[WORK ORDER]: Everything from the line containing "Most general contractors" through the last line of the data below is to be retyped exactly, apart from the pictures.
── INPUT DATA
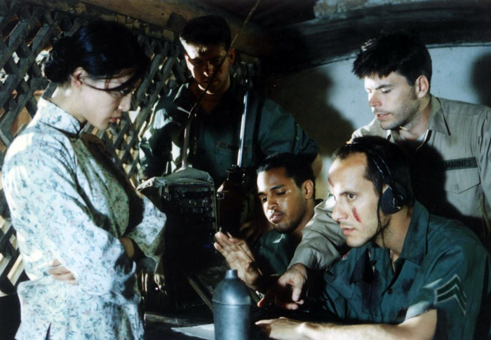 渔村里,渔民老万领着一支渔民抗日敢死队攻打日本据点,没有成功,老万率人马急忙撤退。几名美国兵被日军俘虏,但神秘的日本女子春子却逃脱了。
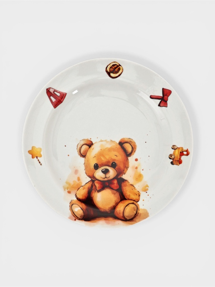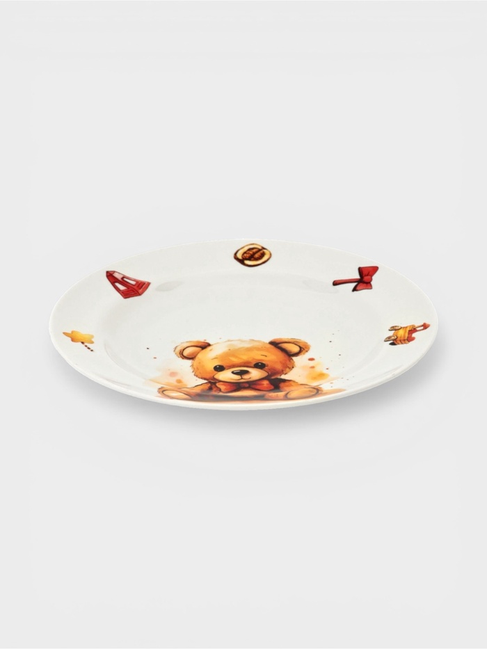 Тарелка предназначена для детей старше трёх лет. Рисунок с медвежонком создаёт «уютную атмосферу» за обеденным столом, превращая обычное кормление в маленькое путешествие в мир детских фантазий. Подарите малышу радость от красивой и удобной посуды!
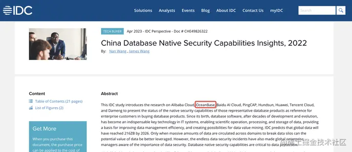 5月10日消息,近日,国际权威市场研究机构 IDC 正式发布《中国数据库原生安全能力洞察 2022》研究报告,OceanBase凭借领先的数据一致性、数据访问控制、数据加密、高可用等数据库原生安全能力,作为中国数据库的代表厂商入选此报告。入选该报告,意味着 OceanBase 原生安全能力的卓越表现得到了国际权威机构的认可。
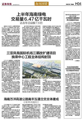 上半年海南绿电 交易量6.47亿千瓦时
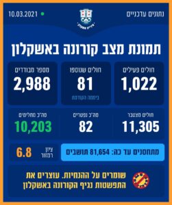 בימים האחרונים נפטרו שני תושבי אשקלון. עיריית אשקלון משתתפת בצער המשפחות ועומדת לרשותן בשעה קשה זו. ביממה החולפת: אובחנו 81 חולים חדשים בעיר.
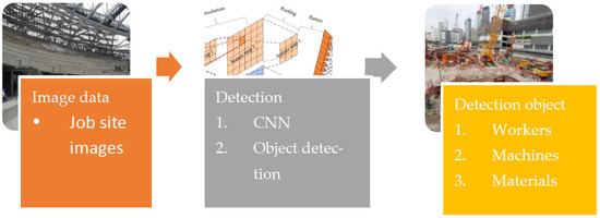 Most general contractors deploy imaging devices, such as photo and video cameras, to document the progress of construction activities throughout the entire process. The image data are collected, in general, by filming with a mobile camera operated by a worker or a video camera set up at a fixed location. Most image data collected are used passively for reference or even just shelved. The others are used to prepare quality documents or demonstrate construction status and progress. Suppose artificial intelligence (AI) is introduced to recognize objects in the images and help job site management identify and tag things in the images. In that case, these image data may serve as an essential basis for decision-making within construction activities, including construction planning and design, job site safety, automated equipment management [7,8,9,10], and quality monitoring and maintenance. For example, suppose a specific machine is tagged in video footage of construction activities [11]. In that case, the project team may exploit the captured data for project decisions of route management, machine setup, and site safety [12,13,14,15].
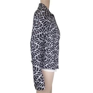 CLARA S. Black Silver Semi Sheer Animal Print Zip Jacket
────
[SOLUTION TO THIS TASK]:
 Most general contractors deploy imaging devices, such as photo and video cameras, to document the progress of construction activities throughout the entire process. The image data are collected, in general, by filming with a mobile camera operated by a worker or a video camera set up at a fixed location. Most image data collected are used passively for reference or even just shelved. The others are used to prepare quality documents or demonstrate construction status and progress. Suppose artificial intelligence (AI) is introduced to recognize objects in the images and help job site management identify and tag things in the images. In that case, these image data may serve as an essential basis for decision-making within construction activities, including construction planning and design, job site safety, automated equipment management [7,8,9,10], and quality monitoring and maintenance. For example, suppose a specific machine is tagged in video footage of construction activities [11]. In that case, the project team may exploit the captured data for project decisions of route management, machine setup, and site safety [12,13,14,15].
 CLARA S. Black Silver Semi Sheer Animal Print Zip Jacket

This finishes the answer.